Correctness issue in sync.Cond implementation?

398 views
Skip to first unread message

Wedson Almeida Filho

unread,
Jan 20, 2016, 11:24:12 PM1/20/16
to golang-nuts
I'm under the impression that the current implementation of condition variables in Go is incorrect and can lead to deadlocks.

1. [Atomically] increments the waiter count
2. Releases the mutex
3. Waits on the semaphore
4. Re-acquires mutex

It looks like it's possible for one thread to "steal" a signal/broadcast intended to another one if it loses the CPU between steps 2 & 3 above. For example, the following sequence seems problematic:

a. Thread A: calls cond.Wait(), loses CPU between step 2 & 3 above. (Preempted by the kernel scheduler.)
b. Thread B: calls cond.Signal() or cond.Broadcast(); semaphore gets incremented to 1.
c. Thread C: calls cond.Wait(), the wait on the semaphore is immediately satisfied by the count stored by the previous step.
d. Thread A: regains CPU, sleeps on the semaphore. It never gets the notification sent by thread B.

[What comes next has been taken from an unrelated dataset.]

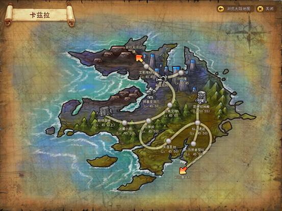 《梦幻龙族II》大陆地图分为二大板块:风之大陆、混沌大陆 7大城镇,分别是:钟声小镇、风之港口、月光海岸村庄、天平小镇、蘑菇村、紫雾村庄、露水营地。在7大城镇周围,分布着危机四伏的野外地图和地下城地图。

A more concrete example might be a [simplified] consumer/producer implementation (I'm only keeping track of a count):

func produce() {
  m.Lock()
  while (count == max) {
    cond.Wait()
  }

  count++
  if count == 1 {
    cond.Broadcast()
  }
  m.Unlock()
}

func consume() {
  m.Lock()
  while (count == 0) {
    cond.Wait()
  }

  count--
  if count == max-1 {
    cond.Broadcast()
  }
  m.Unlock()
}

For the code above, suppose count == 0. The following sequence is possible:
a. goroutine A calls consume(), which will call cond.Wait(); suppose it loses the CPU between steps 2 & 3.
b. goroutine B calls produce(), which will call cond.Broadcast(), which will cause the semaphore to go to 1.
c. goroutine B calls produce() repeatedly, until count reaches the max.
d. goroutine B will itself call cond.Wait(), which will be satisfied immediately.
e. goroutine B will call cond.Wait() again, and sleep.
f. goroutine A regains the CPU, and sleeps on the semaphore as well.

The threads are now deadlocked. Granted that it's a race condition that is hard to hit, it looks like a correctness issue.

Am I missing something in the implementation that prevents this or is it actually broken for this scenario?

Thanks,
-Wedson

Ian Lance Taylor

unread,
Jan 21, 2016, 7:10:42 PM1/21/16
to Wedson Almeida Filho, golang-nuts
On Wed, Jan 20, 2016 at 8:23 PM, 'Wedson Almeida Filho' via
golang-nuts <golan...@googlegroups.com> wrote:
> I'm under the impression that the current implementation of condition
> variables in Go is incorrect and can lead to deadlocks.

Thanks. I'm not quite convinced there is a problem with cond.Signal,
but I do see a potential problem with cond.Broadcast. Filed
https://golang.org/issue/14064 .

Ian

Wedson Almeida Filho

unread,
Jan 22, 2016, 2:11:08 AM1/22/16
to Ian Lance Taylor, golang-nuts
Ian,

Thanks for filing the bug.

Would you mind elaborating why you don't think the race applies to cond.Signal?

-Wedson

roger peppe

unread,
Jan 22, 2016, 4:30:23 AM1/22/16
to Wedson Almeida Filho, golang-nuts
I agree that this is probably a bug, but ISTM that you're only likely to
be bitten by it if you are trying to optimise on the number of times you
call Broadcast. In your example, if you call Broadcast any time produce
or consume are called, then I believe you can't see the problem.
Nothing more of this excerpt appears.